Tuesday, January 12, 2010

A Porpoise and a Raisin


Well today started out as CRAZY as ever! I woke up this morning at 5 am to the sound of a bird chirping. Being hungover and half asleep I figured it was probably just a small winged dinosaur nibbling away at the leftover fried rice at the foot of my bed. I was wrong. No wait, I was right. Realizing the potential danger of the situation, my fight or flight instincts kicked in. I shouted, "This is the police! La POLICIA! Hands up!". He instantly froze and stared at me. "hands up I say!" I yelled again pointing my clasped gun like hands at the intruder. He stared at me blankly then proceeded to very slowly bring another spoonful of delicious Chinese food to his mouth. As If wouldn't notice. "wise guy, huh?" I asked rhetorically. He then opened his mouth I shit you not and uttered the following:
"Yes. Yes I am a wise guy. But for is it not the wise guy who gets the rice? I believe Franklin said that. I believe he also said that we're all here for a porpouse and everything happens for a raisin.
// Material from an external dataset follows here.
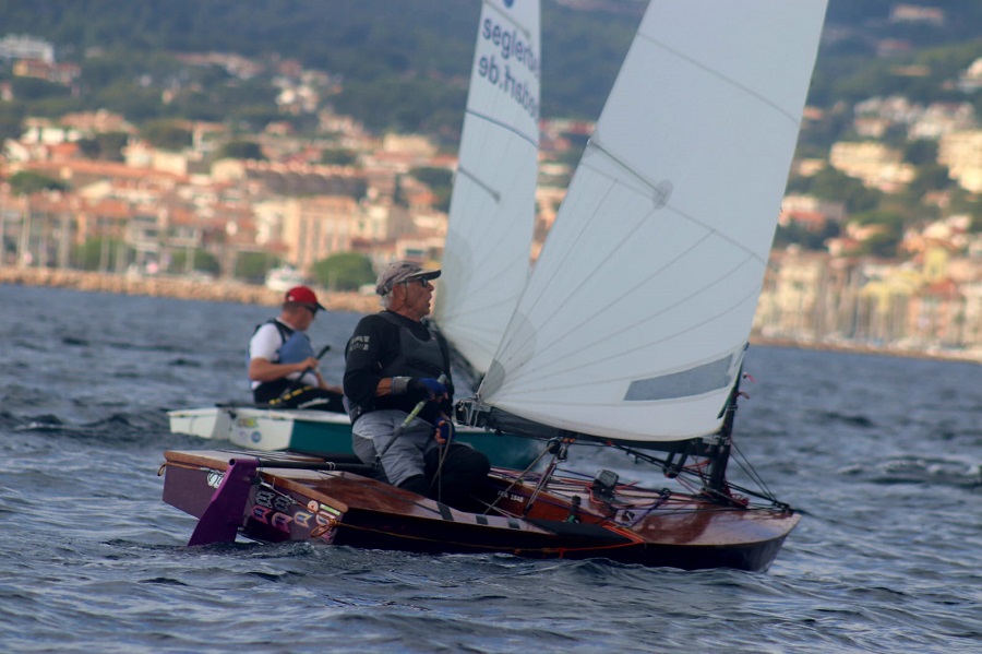 Le jeudi les conditions se sont musclées dans un vent d’Est de 12 à 18 nœuds qui a obligé le comité à déplacer ,pour le bonheur d’Henri , la zone de course en baie de Sanary pour les deux premières manches. La troisième ,pour des raisons de tenu du bateau comité a été rentée dans la baie de Bandol au détriment de la stabilité et la régularité du vent.
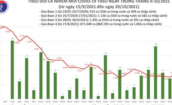 Tính từ 17h ngày 19/10 đến 17h ngày 20/10, trên Hệ thống Quốc gia quản lý ca bệnh COVID-19 ghi nhận 3.646 ca nhiễm mới, trong đó 11 ca nhập cảnh và 3.635 ca ghi nhận trong nước (tăng 608 ca so với ngày trước đó) tại 50 tỉnh, thành phố (có 1.810 ca trong cộng đồng).

Haha, that was a bit of a joke you see. The real saying goes..."
I didn't want to hear any more of this damn varment's bullshit. I wanted answers and I wanted them quick.
"OK wise guy! Cut the crap. I want some real advice and I want it now, wise guy. Tell me your wisest piece of wisdom!", I demanded. He looked a little unnerved. He gulped and loosened his tie a bit (did I mention what he was wearing? A tuxedo). "Yes very good." He replied squinting his eyes as if reading from a book inside his insane brain. Slowly, he began, "The most wise thing I can tell you is" In a low gravely whisper, he continued, "...is...is...is!" his whisper exponentially grew into a shout, "IS!!" I go so excited at the prospect of learning such a golden nugget of top secret information I jumped up wide eyed and smiling, "yes?? Yes?? What is it??!"
At this point the little dinosaur was like a boiling pot of spaghetti about to overflow because you didn't stir him enough or add salt, I guess. He got on his tippy toes and pointed a finger in the air in proud declaration. "IS!!"
"IS??!" I asked/yelled, "IS??" He pulled the switcharoo. I couldn't take the suspense any more! I Ran over to him and pulled his head off and threw it out the window, screaming like a wild caveman. "AHHHHHGHH! JUST FUCKING TELL ME!!!"
I'll guess I'll never know what he was going to tell me that fateful night. Maybe I missed out on the single most enlightening piece of wisdom of my life. Maybe I didn't. Maybe he was just fooling me. Takin' me for a ride. Pulling my leg. Pulling the shirt over my head. Yanking my chain. Giving me one heck of a snow job. Maybe he was just stalling, biding time in the hopes that I'd excuse myself to use the bathroom at some point and then he'd run out of the house, make a dash for it, probably swiping a bag of my Chips A'Hoy along with him.
Ah, keep it little feller. I got a whole years worth.